It doesn’t matter what kind of box it is. You can’t put the cover on fast enough. As you are putting the cover on the box you will be blocking the light. By the time you get the cover fully on, there will be no light in the box.
Edit. Added.
As for the decay or degredation.
Not sure those are the right terms.
Light will get reflected, deflected, absorbed, ect as it encounters various “things”.

it’s kind of a variation on schrodinger’s box, and a few other thought exercises about entropy, lol. if we set up a potential for energy in a box, then have it go kinetic, we can surmise from a practicality standpoint that eventually, some sum of that energy will leak out until it can maintain some level of equilibrium within the box.
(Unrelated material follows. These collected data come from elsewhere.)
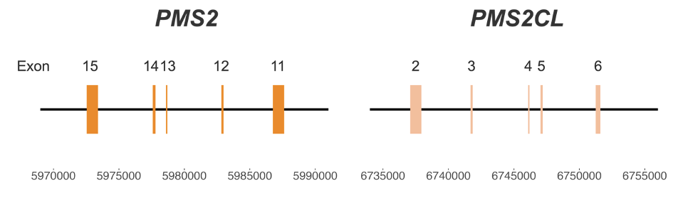 图1:PMS2和PMS2CL基因之间的高同源性区域——坐标来自hg38。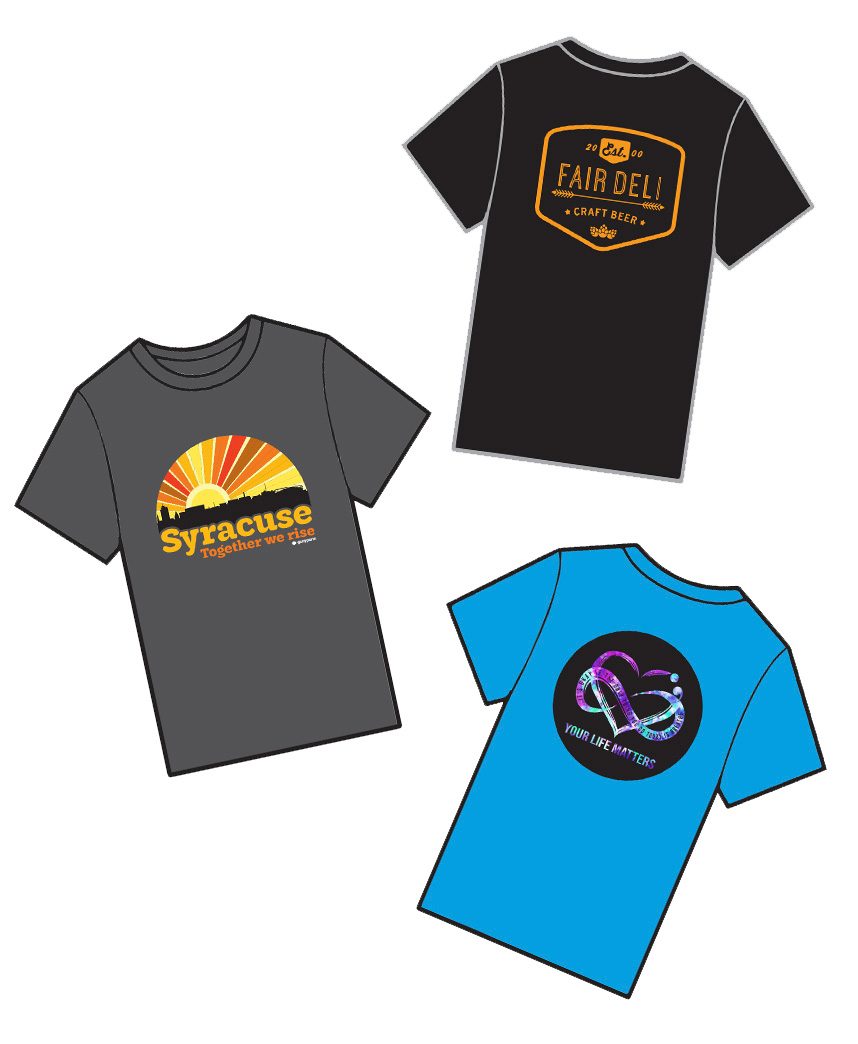 We can create custom apparel, stickers, decals, drinkware, bags, hats, notebooks and more.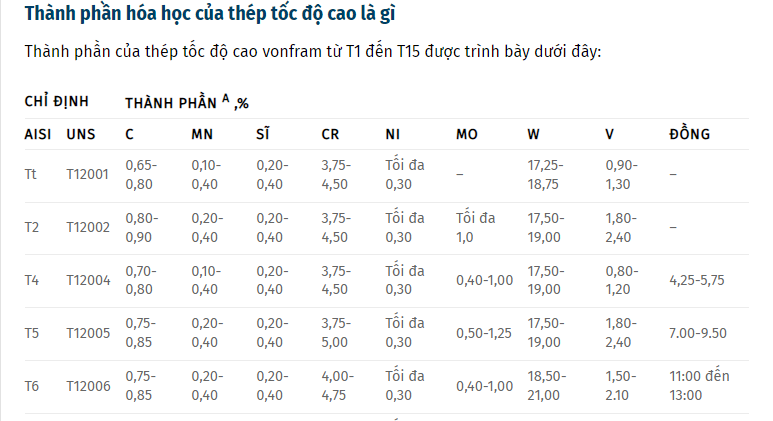 Thép tốc độ cao là thép công cụ ứng dụng trong máy công cụ có tỷ lệ loại bỏ vật liệu cao. Thép tốc độ cao vonfram (nhóm T) và thép tốc độ cao molypden (nhóm M) là hai loại thép tốc độ cao. Hai nhóm thép tốc độ cao này có khả năng làm cứng tương tự và các đặc tính khác.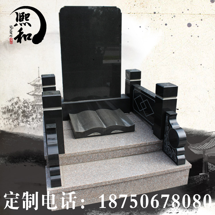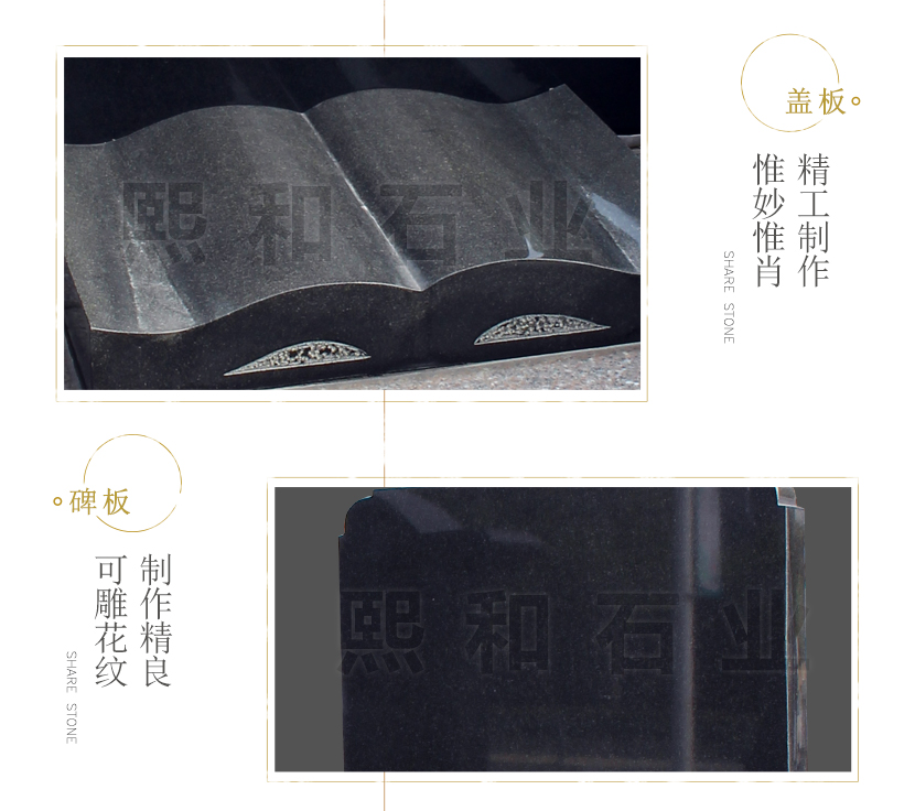 墓碑所使用的材料是最常用的主碑板山西黑,盖板芝麻黑相结合。碑板为山西黑宽0.4米高0.6米组成,主要用来雕刻碑文。款式 简单素雅,庄重大方,栏板上雕刻三个棱形环环相扣,加上碑柱两侧的碑耳和下沉的台阶。该款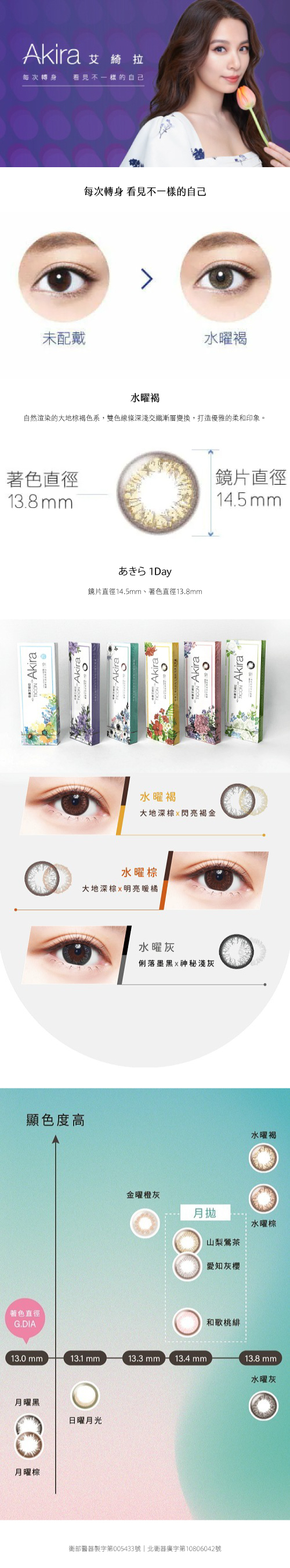 直徑:14.5mm | 著色直徑: 13.8mm | 弧度:8.7mm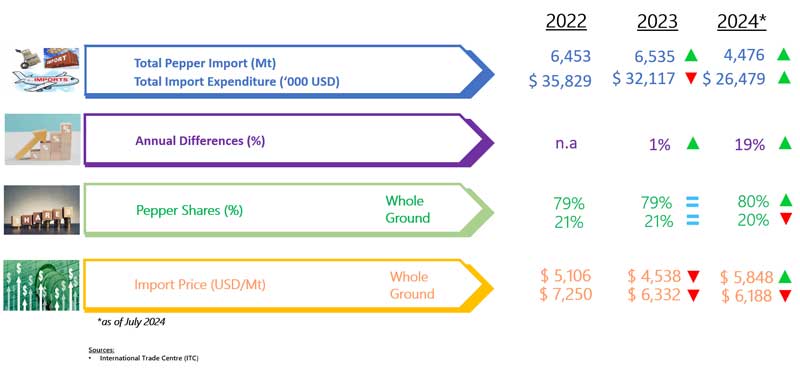 IMPORT OF PEPPER BY THAILAND (2022 - 2024)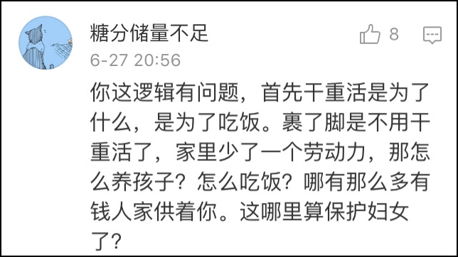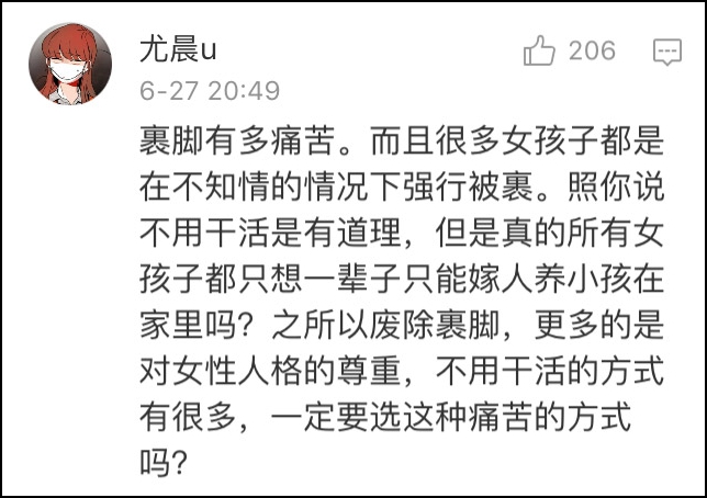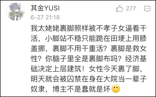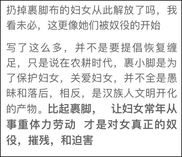 説到底,有網友認為,纏足還是歧視婦女,不給婦女尊嚴: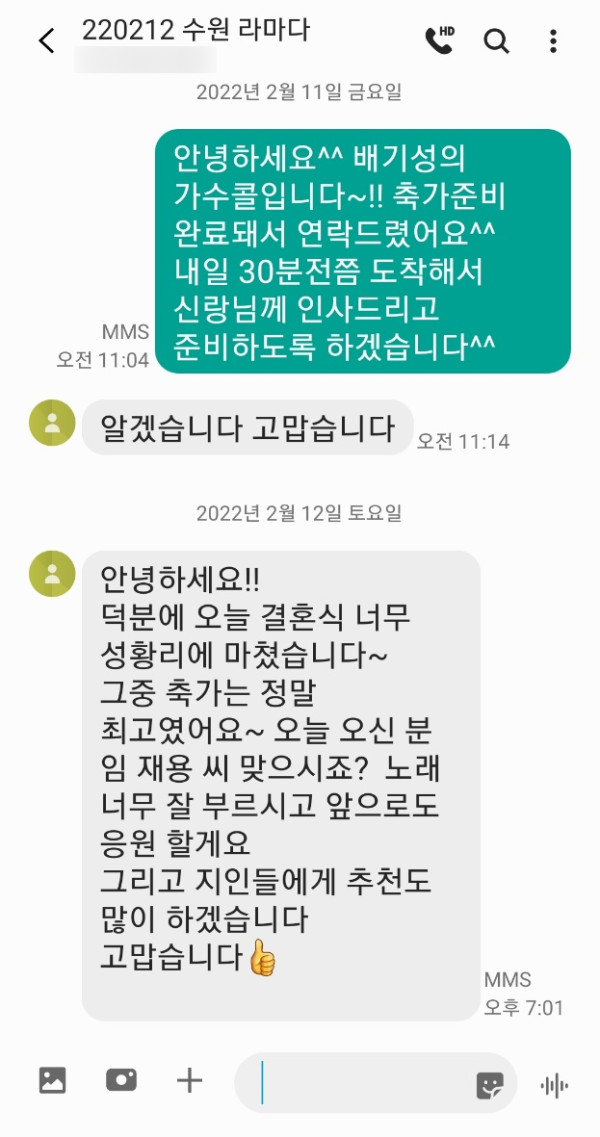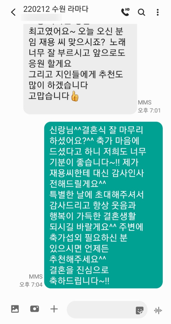 신랑님께서 축가 너무 좋았다고 주변 지인분들에게도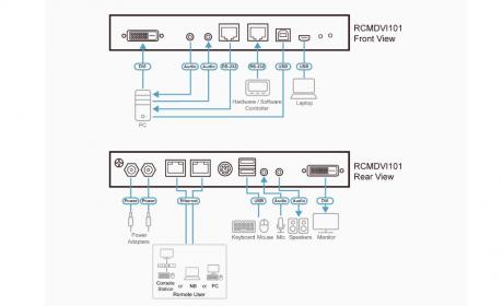 The RCMDVI101 provides over-IP capability to the connected ATEN DVI KVM switch (e.g. 8-Port USB DVI / Audio KVM Switch - CS1768), ATEN KE Transmitter/ Receiver (e.g. DVI-I Single / Dual Display KVM over IP Transmitter / Receiver - KE6900A/KE6940A), and / or LCD console (e.g. DVI LCD Console - CL3800).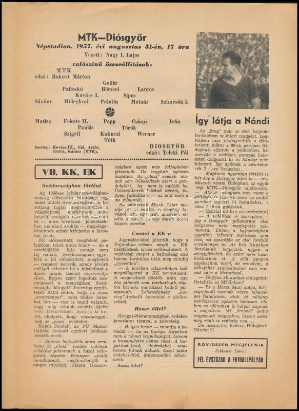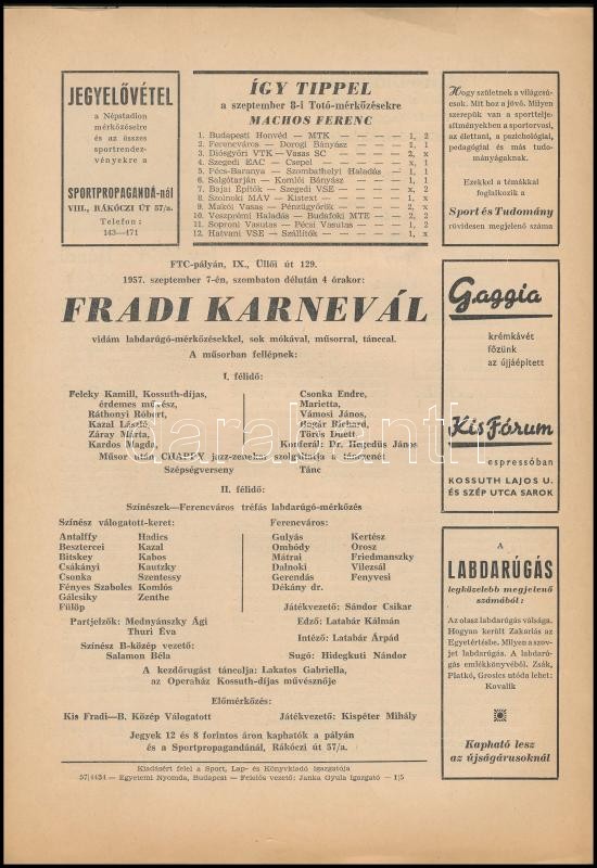 Leírás: 1957 a Népstadion híradó 1. lapszáma, érdekes írásokkal

From a hypothetical standpoint, the box would have to be extradimensional in nature, and generally be able to contain gravitational forces. how would that function, if in 3rd dimensional terms, physics “necessitates” mass? (notice the quotes, because light has no mass relative to itself, and instead imparts a small force or energy to its destination).

Get this, even light in the VISIBLE spectrum is invisible to the naked eye, unless it interacts with matter.

So…back to the exercise, I’m asking how one would do something like put light in a box, with the assumption or inference that we currently have the capability to do so…

I think you’re going to have to steer this shoebox.
Or soapbox. It’ll be easier going downhill.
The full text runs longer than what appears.